二人きりになってイチャイチャする時間が幸せだと感じると同時に、少し辛いとも感じてしまう。
今日は1日。付き合ったのは先月の7日。つい昨日『ちょうどあと一週間でお預け解禁だね。もう少しだよ』と囁かれたことを思い出してしまい、また悶々としてしまう。
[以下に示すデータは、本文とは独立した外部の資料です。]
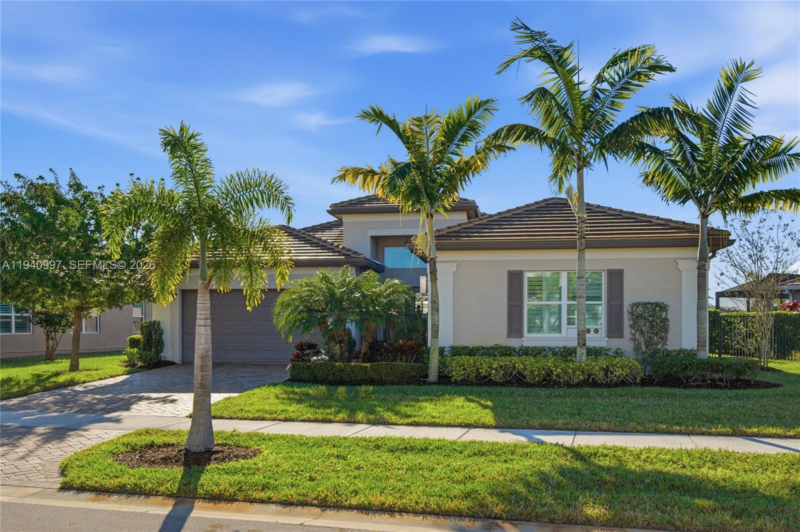 Welcome to 11698 SW Coronado Springs Drive! This meticulously maintained residence is located in Valencia Cay at Riverland, one of Port St. Lucie's most desirable 55+ communities. This exceptional home is a Vintage and Crown collection and is located on an oversized prime lot, offering a rare southern exposure. It is one of Riverland's only long-lake, southern-view pool homes and delivers breathtaking sunrise-to-sunset water views and an unparalleled living experience. Set on an oversized pie-shaped lot with rare additional yard space on both sides, this home is designed for the ultimate Florida lifestyle. The private backyard is a true entertainer's retreat, featuring a heated and chilled saltwater pool, hurricane-rated roll down screen enclosure, an oversized outdoor kitchen space and a cozy fire pit. Inside, the bright open-concept layout is ideal for both everyday living and entertaining. The chef's kitchen is appointed with level five cabinetry and premium finishes. Smart home features allow seamless control of the pool, outdoor screens, and window treatments. A versatile den can function as a third bedroom, while the 1-car garage has been converted into a gym, hardwired for air conditioning. The spacious primary suite serves as a peaceful retreat with beautiful long-lake views and a gorgeous oversized primary bathroom and two spacious walk-in closets. Natural light fills the living spaces, creating a warm and inviting atmosphere throughout the home.

気を紛らわせるために教室を出て外の空気を吸いに中庭に出ると、ベンチに女子が二人、ぴたりとくっついて座って仲良さそうに笑い合っている。恋人同士だろうか。私に気付くと、二人はパッと気まずそうに離れたが、片割れの女の子は目が合うとホッとしたように笑った。そしてちょいちょいと手招きする。
「小桜さん、おはよう」
「おはよう……えっと……」
リボンの色からして声をかけてくれた生徒は同じ学年だが、クラスメイトでも部活仲間でもない。もう一人は先輩だ。眼鏡をかけた地味だが上品そうな人だ。リボンの色は緑—学年ごとに色が決まっており、一年は赤、二年は黄色、三年生は緑—だから三年生だ。
「あ、ごめんね。私は4組の
「さ、咲ちゃん」
彼女と紹介された笹原先輩が不安そうな顔をする。
「私も彼女がいるんです」
そう伝えると先輩は目を丸くして私と松原さんを交互に見た。松原さんは知ってるよと笑い、先輩に「だから大丈夫です」と優しく笑いかける。
「学年代表の鈴木くんでしょ?」
「そう。1組の鈴木海菜と付き合ってる」
「やっぱり。有名だもん。二人」
「だから私の名前知ってたのね」
「うん。小桜さんと話すのは初めてだけど、鈴木くんとはたまに話すんだ。私、鈴木くんがレズビアンだって噂を聞いて……最初は見た目が男っぽいから勘違いされてると思ってたんだ。でも、本人がそう言ってるって知って、何で隠さないの?って聞きにいったの。そしたら彼女、なんて言ったと思う?」
「『黙っていたら異性愛者にされるから。それに、隠さなきゃいけないことだとは思いたくないし、私が女性愛者であることなんて別に大したことじゃないでしょう?』……みたいなことかしら」
「……聞いてたの?」
松原さんは苦笑いする。全く同じことを言われたのだろうか。
「あの子がいつも言ってることだもの。自分がセクシャルマイノリティであることなんて別に大したことじゃないって。私も言われたの。だから、あの子への恋心を素直に認めようと思えた」
「……そっか。私も彼女のその言葉に勇気を貰って、中学の頃から好きだった先輩に告白出来たんだ」
「その結果がこれ」と松原さんは嬉しそうに恋人繋ぎで繋いだ手をあげて指差す。先輩は恥ずかしそうに顔を逸らした。松原さんに隣に座るように促され、隣に座る。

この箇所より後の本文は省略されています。